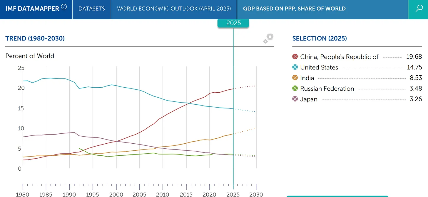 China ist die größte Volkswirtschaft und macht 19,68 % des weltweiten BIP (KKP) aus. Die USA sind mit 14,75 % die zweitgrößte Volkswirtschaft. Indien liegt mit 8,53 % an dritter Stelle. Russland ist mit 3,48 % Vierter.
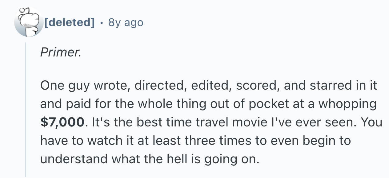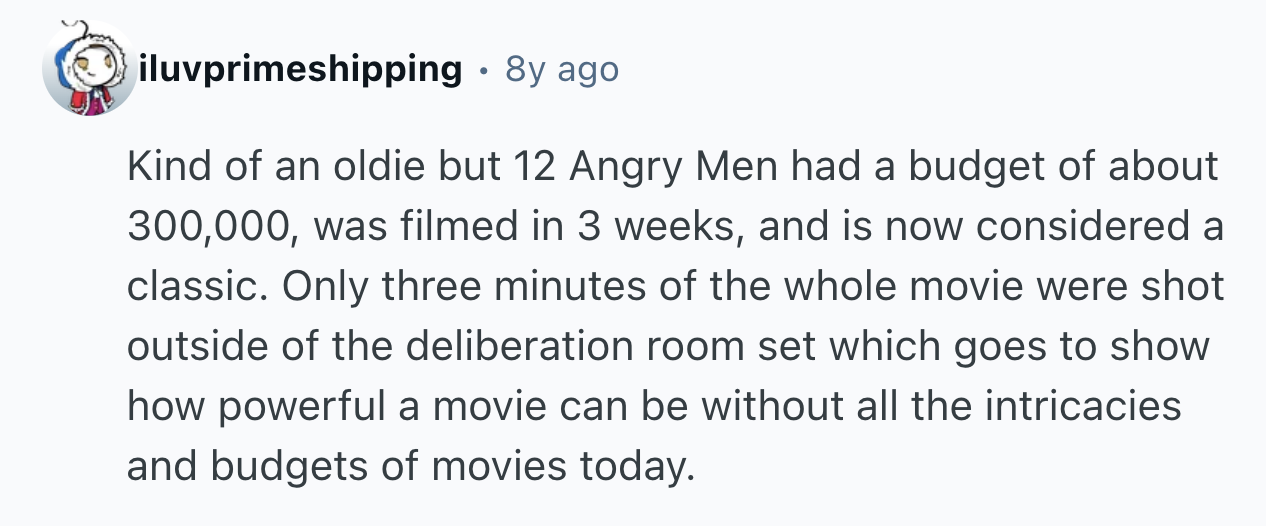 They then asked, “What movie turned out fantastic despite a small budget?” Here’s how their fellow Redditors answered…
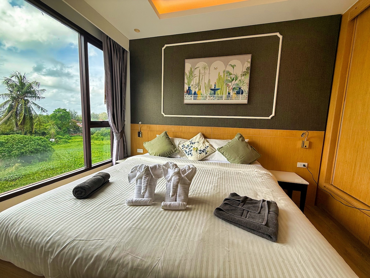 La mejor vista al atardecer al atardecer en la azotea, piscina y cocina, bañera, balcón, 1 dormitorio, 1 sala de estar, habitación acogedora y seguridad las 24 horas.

::::

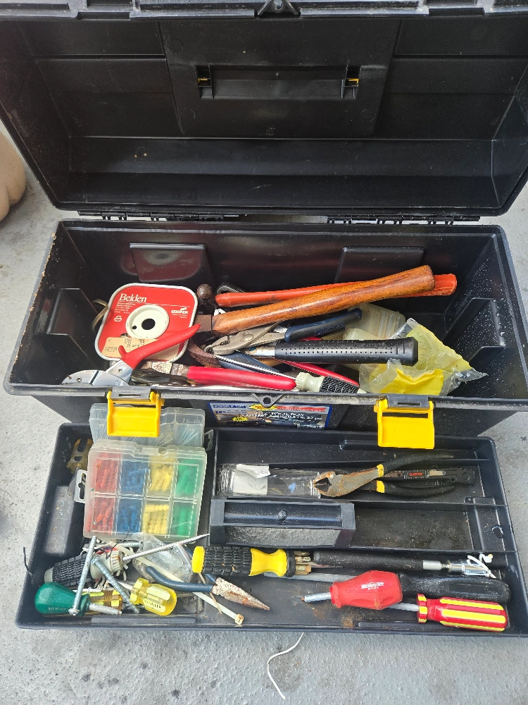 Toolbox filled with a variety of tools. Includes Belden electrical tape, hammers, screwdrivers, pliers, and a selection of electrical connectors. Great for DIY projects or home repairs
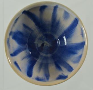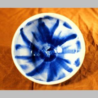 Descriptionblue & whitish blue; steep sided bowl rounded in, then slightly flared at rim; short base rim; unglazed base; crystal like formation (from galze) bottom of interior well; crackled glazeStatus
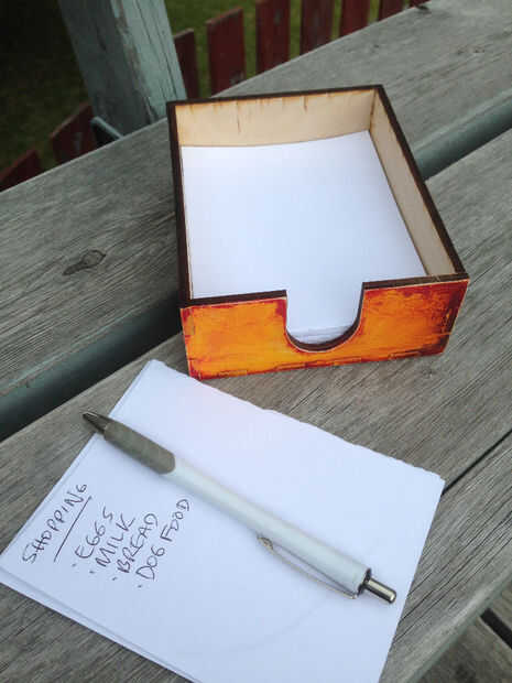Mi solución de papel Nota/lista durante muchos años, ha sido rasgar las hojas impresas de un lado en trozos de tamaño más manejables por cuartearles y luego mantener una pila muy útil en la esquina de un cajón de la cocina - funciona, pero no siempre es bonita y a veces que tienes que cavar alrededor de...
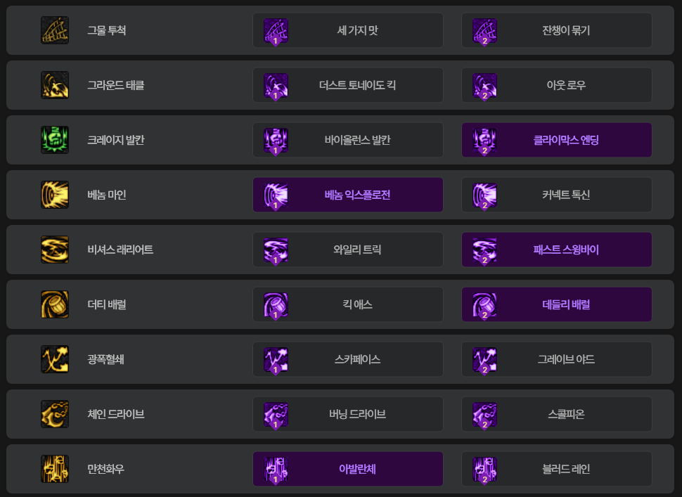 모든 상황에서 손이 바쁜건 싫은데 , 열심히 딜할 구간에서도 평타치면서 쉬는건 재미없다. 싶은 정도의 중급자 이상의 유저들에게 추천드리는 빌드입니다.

::::

__EXERCISE OBJECTIVE__
Above are the records. Copy word for word only their lines from the one holding "Mi solución de" through the one holding "모든 상황에서 손이 바쁜건", both included, and skip the images.

__EXERCISE ANSWER__
Mi solución de papel Nota/lista durante muchos años, ha sido rasgar las hojas impresas de un lado en trozos de tamaño más manejables por cuartearles y luego mantener una pila muy útil en la esquina de un cajón de la cocina - funciona, pero no siempre es bonita y a veces que tienes que cavar alrededor de...
 모든 상황에서 손이 바쁜건 싫은데 , 열심히 딜할 구간에서도 평타치면서 쉬는건 재미없다. 싶은 정도의 중급자 이상의 유저들에게 추천드리는 빌드입니다.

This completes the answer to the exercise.